Hood sat dutifully on the toilet beside the suitcase, dinner plate on his knees, listening to the rain lash the walls and thinking of Beth Petty back in Buenavista.

After an unusually violent flurry of rain and wind, he rose and went into the room and stared through a window to the street. The floodwater was almost to the tops of the ground-level doorways now, its ownership of Tuxpan nearly complete.

An hour before sunset the room shook violently, then pitched toward the flooded street. It felt to Hood as if one corner of the foundation had been pulled away. He lost his balance and fell to one knee. Several of the others fell fully and hard, and the children yelped out, terrified. There was a great grinding roar from below, then the windows burst. Hood knew they were going over and braced himself. A long moment passed. Then, as if saved by invisible brakes, the Floridita came to a shuddering stop and now hung precariously in midair over the street. Hood and everyone else in the crowded room instinctively flattened themselves to the floor but gravity pulled them forward toward the gaping glass-toothed window openings and the raging brown torrent below. He crawled back into the bathroom and found the suitcase slid nearly to the downside wall, outstretched on its handcuff chain. Luna crawled in too and saw the luggage and they gave each other wordless looks and Hood felt the building start to fall again.
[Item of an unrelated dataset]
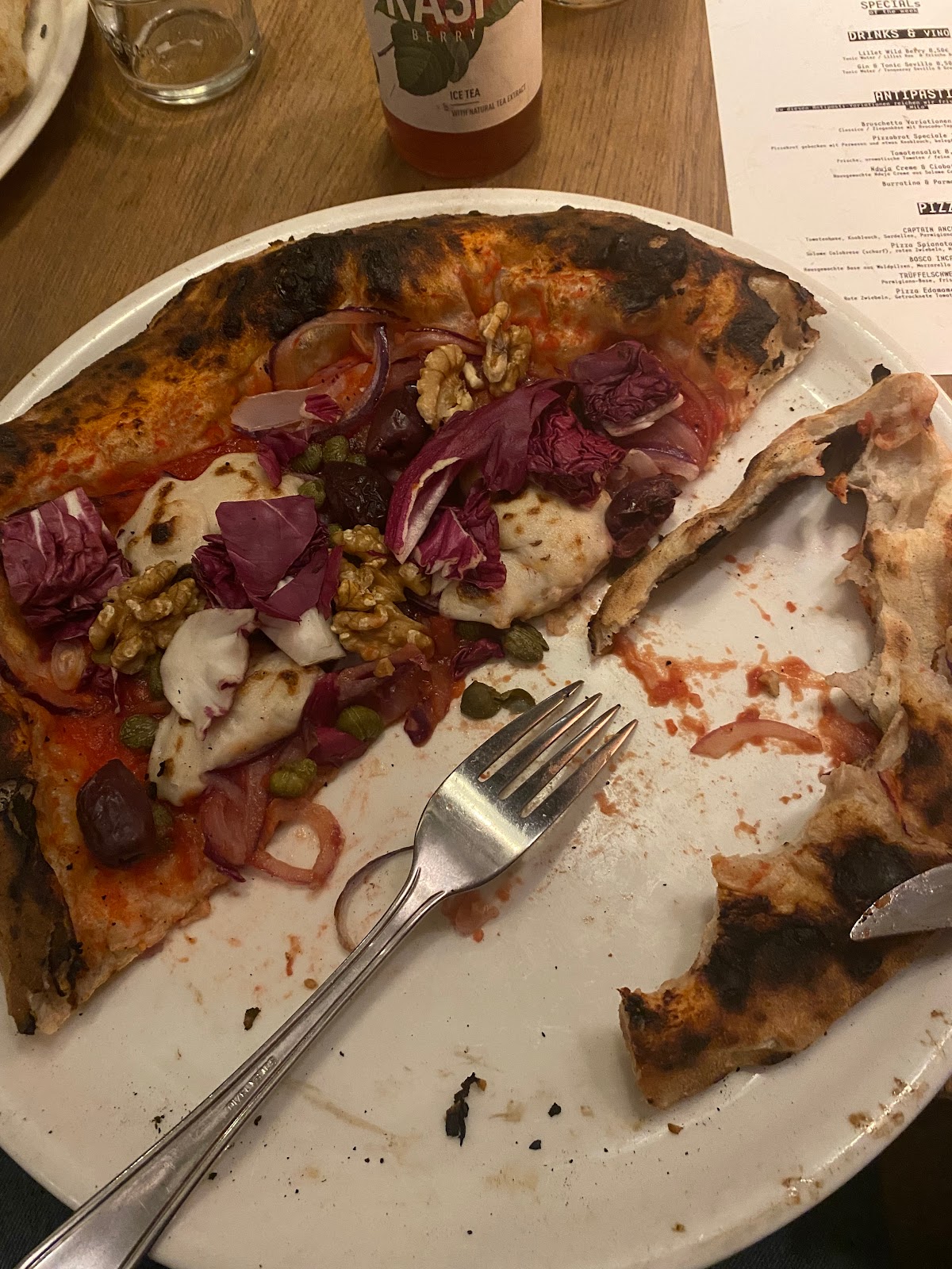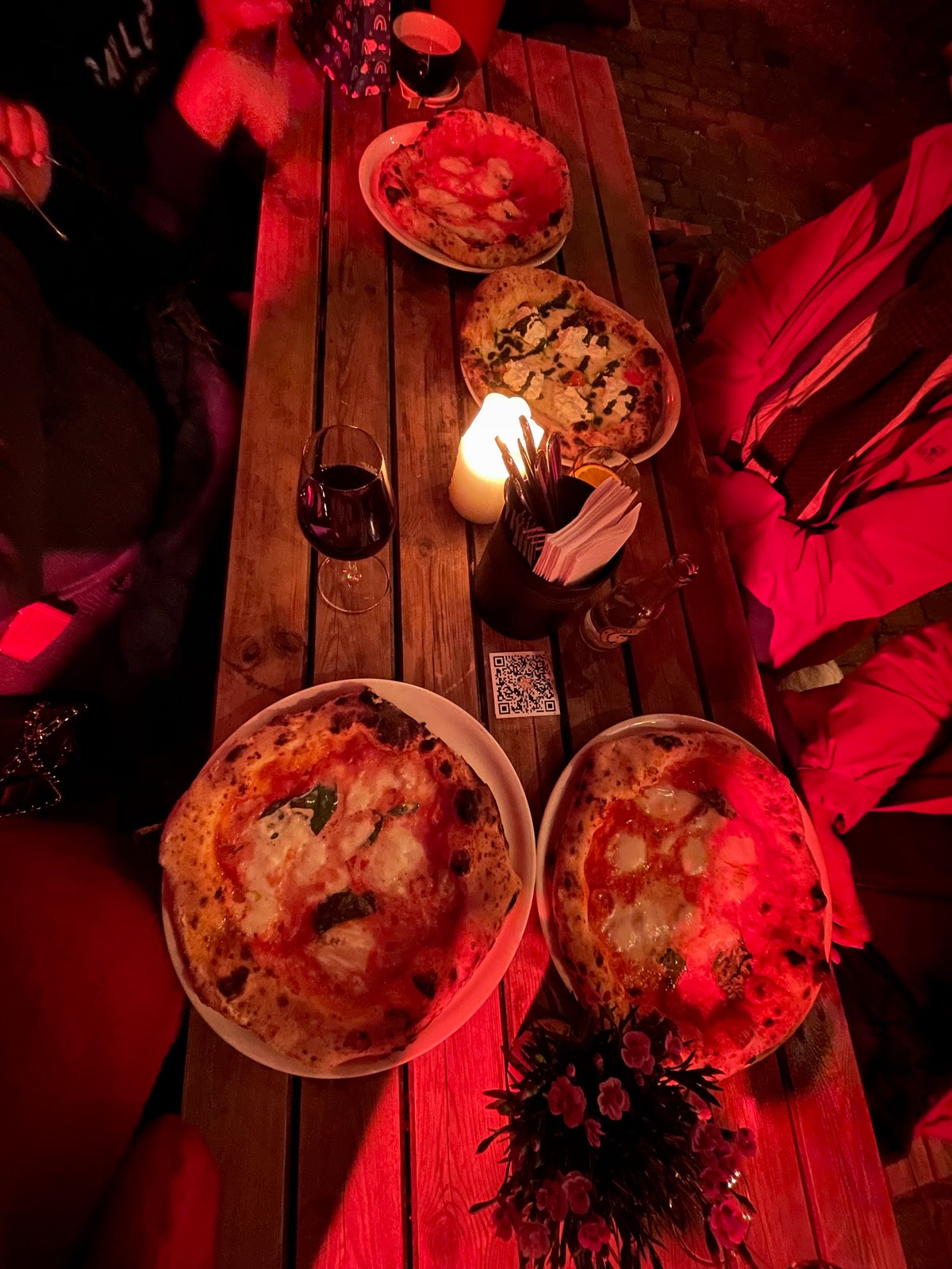 We came here because we were craving pizza, we waited for 20' for a table (which was fine!). There was a menu on the table with 5 different pizzas we thought it was the only menu but judging for other pics and google comments seems like that's a sort of premium menu not the regular one which we were never offered or whatsoever , the waiter did not know the difference btw the aperol normal and Aperol Toscana (all offers from their menu), apart from the drinks we ordered a big bottle water which for we didn't get any glasses, we asked for them but they never came so we had to finish the aperols to drink the water ... my partner ordered a pizza he liked and I ordered one pizza named Trüffelschweine ( veggie) turns out there was no truffle in it which was very disappointing on the other hand it had so much cream cheese that I feel sick about it afterwards and was throwing up once at home.

He climbed onto the suitcase and reached his arms around it and held on tight. Again he heard the great shear of the foundation parting and again the room hurtled downward. But the Floridita fell faster this time, and it was still accelerating as it whooshed into the floodwaters below, then burst apart like a tower of dominos.

Hood landed hard in the water and held fast to the money. He felt the water pipe break free. He took a deep breath as the current took him down. He had ridden bodyboards in the Pacific and now he tried to use the same balance to control the suitcase but he was rolling over and over in the current and knew his breath would not last long. He grabbed a handle and dropped through the torrent to the street and felt his feet touch bottom then lift off, and when they hit bottom again he sprang skyward and at the apex of his feeble jump managed to suck in one blessed lungful of air.
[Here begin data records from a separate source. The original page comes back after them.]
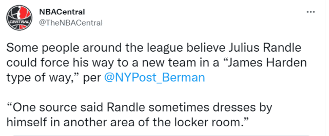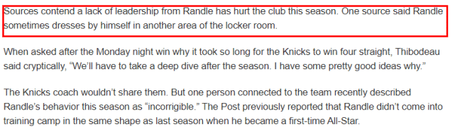 据《纽约邮报》马克-柏曼报道,NBA的圈内人士相信,尼克斯球星兰德尔会以“詹姆斯-哈登的方式”来迫使尼克斯把自己交易到一支新的球队。消息源透露,兰德尔有时候甚至会走到更衣室的另一头去换衣服,和队友显得有些格格不入。
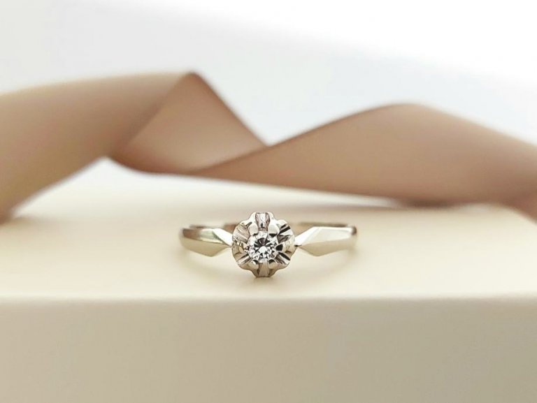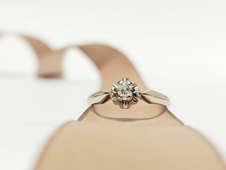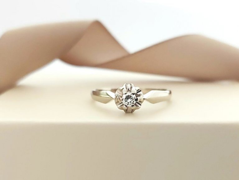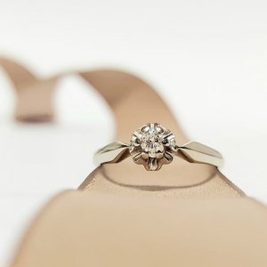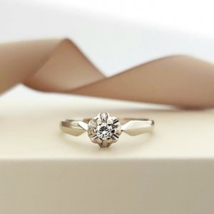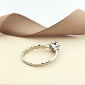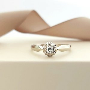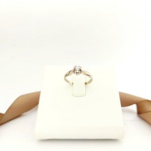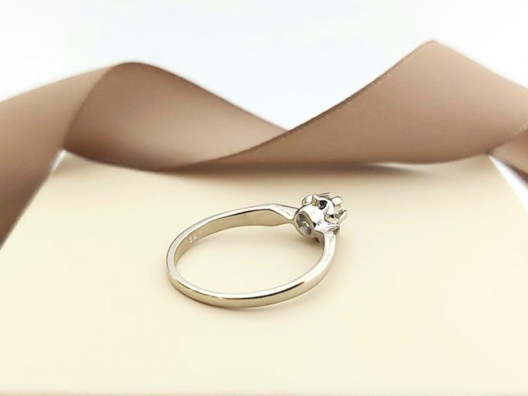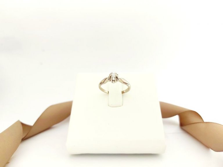 Prodajemo prsten od 14 karatnog bijelog zlata ukrašen sa dijamantom.
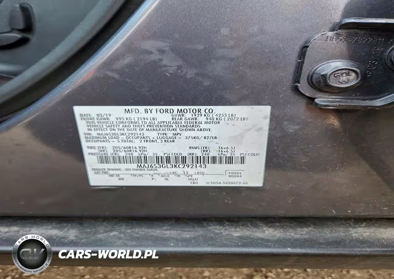 Copart Nr: C-98796955 VIN: MAJ6S3GL3KC292143 Port: Elizabeth, NJ
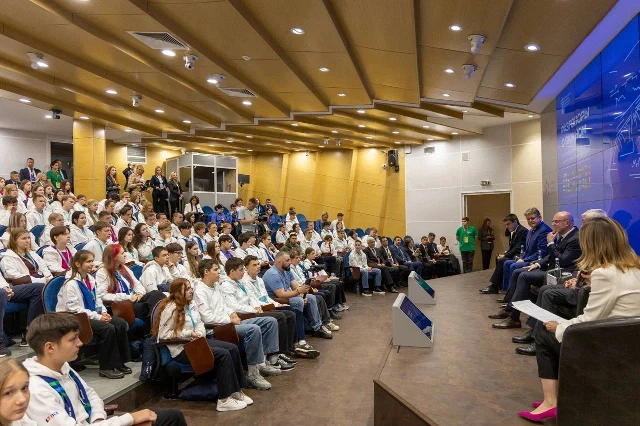 Дмитрий Чернышенко, Анатолий Серышев, Юрий Чиханчин и Михаил Котюков поприветствовали представителей российской сборной олимпиады, а также пообщались со школьниками на «Разговорах о важном».

Nearer the surface the nylon suitcase established buoyancy. Hood held on with one hand and with the other he pulled himself toward an orange tree gliding past and when he grabbed a branch it lifted and pulled him and the suitcase along, floating not sinking. He breathed hard and looked futilely for Luna. Instead he saw one of the children from the Floridita down current, bashing valiantly to stay afloat and crying, and Hood, kicking for all he was worth, was able to steer his barge so the boy could take the nearest handle. The suitcase with its plastic-wrapped million in cash and the orange tree were lifesavers as Hood and the boy careened down the middle of the flooded street, past the last buildings to where the town ended, then swiftly accelerating straight and deep into the raging Tuxpan River.
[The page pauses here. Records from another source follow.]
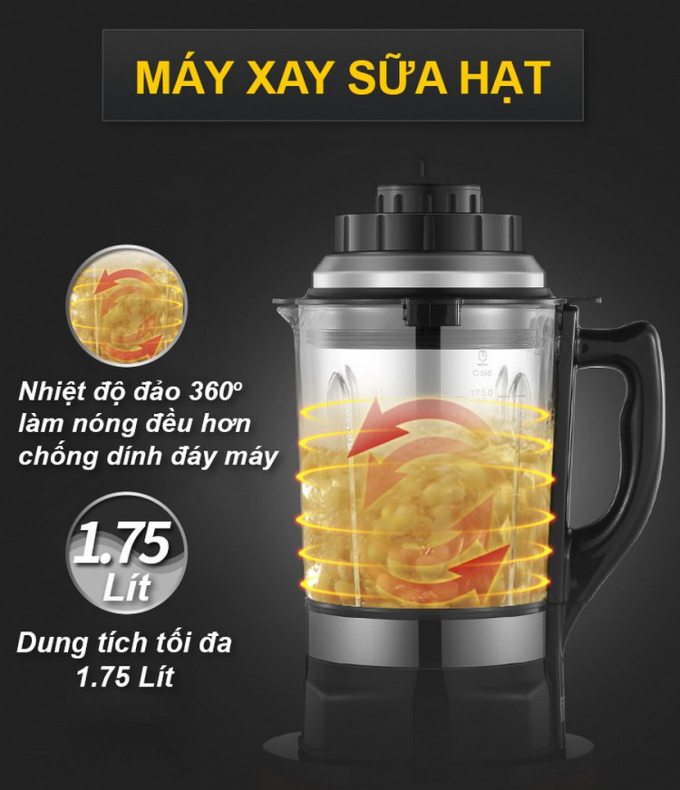 Trong lúc hoạt động chế biến thực phẩm, máy sẽ tiến hành đảo chiều 360 độ liên tục giúp các loại hạt được làm nóng nhanh & điều hơn, bên cạnh đó giúp chống dính thực phẩm ở lớp đáy máy, thành phẩm thêm thơm ngon hơn. Thêm vào đó, cối xay có dung tích 1.75 lít, cho phép bạn xay nhỏ & chế biến được nhiều thực phẩm hơn với chỉ một lần máy hoạt động.
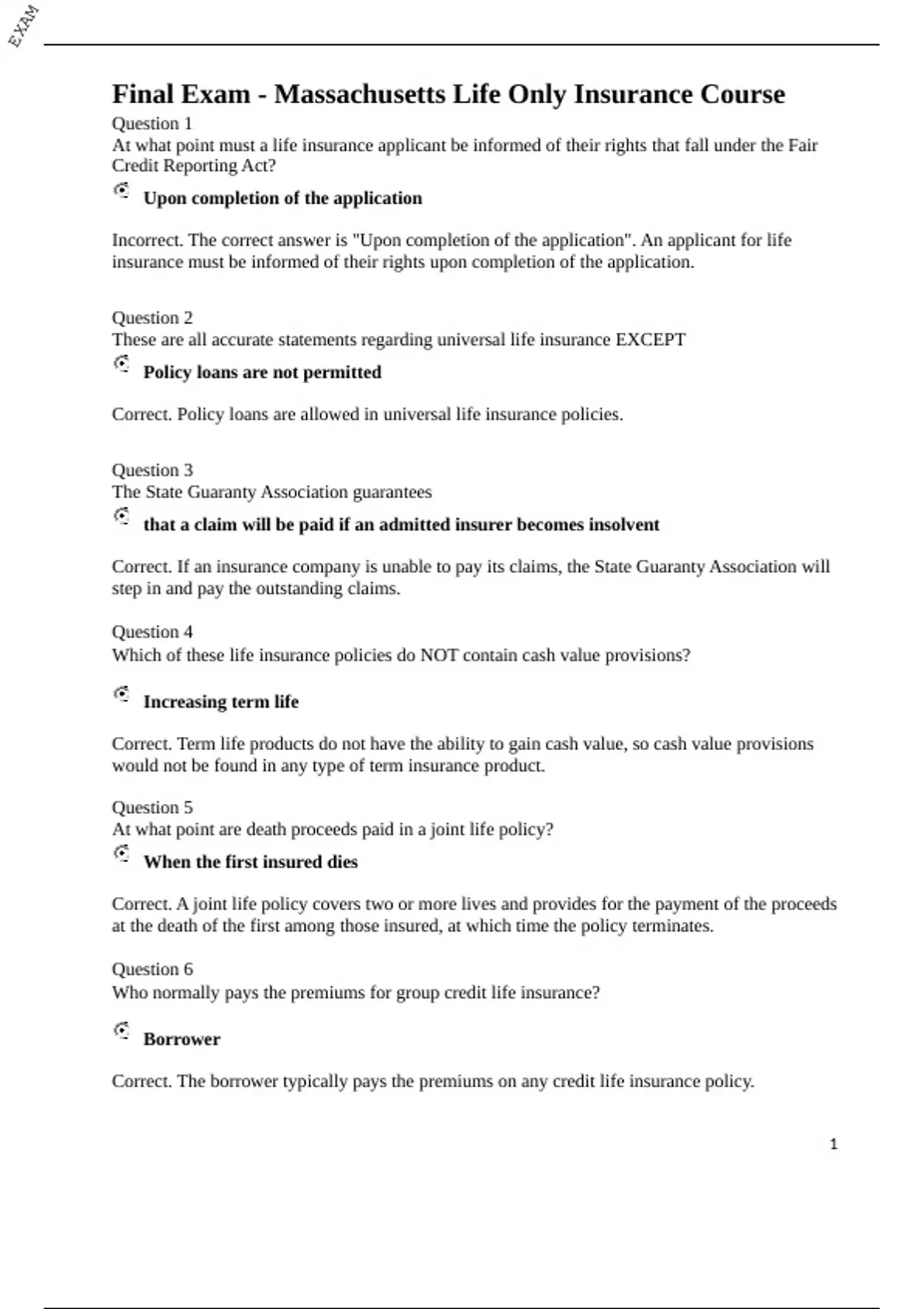 final exam massachusetts life only insurance cou
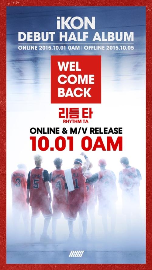 포스터에는 각자의 이름과 번호가 새겨진 붉은색 농구저지를 입은 아이콘 7명 멤버의 뒷모습이 담겼다. 또 이번 하프앨범의 더블 타이틀곡 중 하나인 '리듬 타(RHYTHM TA)'의 제목, 온라인 음원과 뮤직비디오가 10월 1일 0시에 공개된다는 정보가 함께 담겼다.

They raced. Far ahead through the gray evening and the pelting rain loomed the Navy frigates and the Pemex tankers and the barges and beyond them rose the towers of the oil platforms. From across the suitcase the boy looked at Hood in wordless terror. Hood could see a black dog paddling amidst the logs and brush and suddenly they were among hundreds of rose bushes in blooms of many colors, all in identical black plastic pots, dipping and bobbing wildly, the flowers bowed but stubbornly undestroyed.

Hood felt their slow clockwise pivot as they raced mid-river. He tried to kick the crude barge toward the nearest shore but he sensed no influence over their speed or bearing.

— Are we going to die?

— We will live.

— How?

— We’re not ready to die.

— Who will save us?

— Whatever you believe in will save you.

— When?

— We’ll reach the harbor soon. The water will be slower and we will swim to shore.

— I don’t like the dark.

— It’s not dark yet, but some of the lights in the harbor are on. See.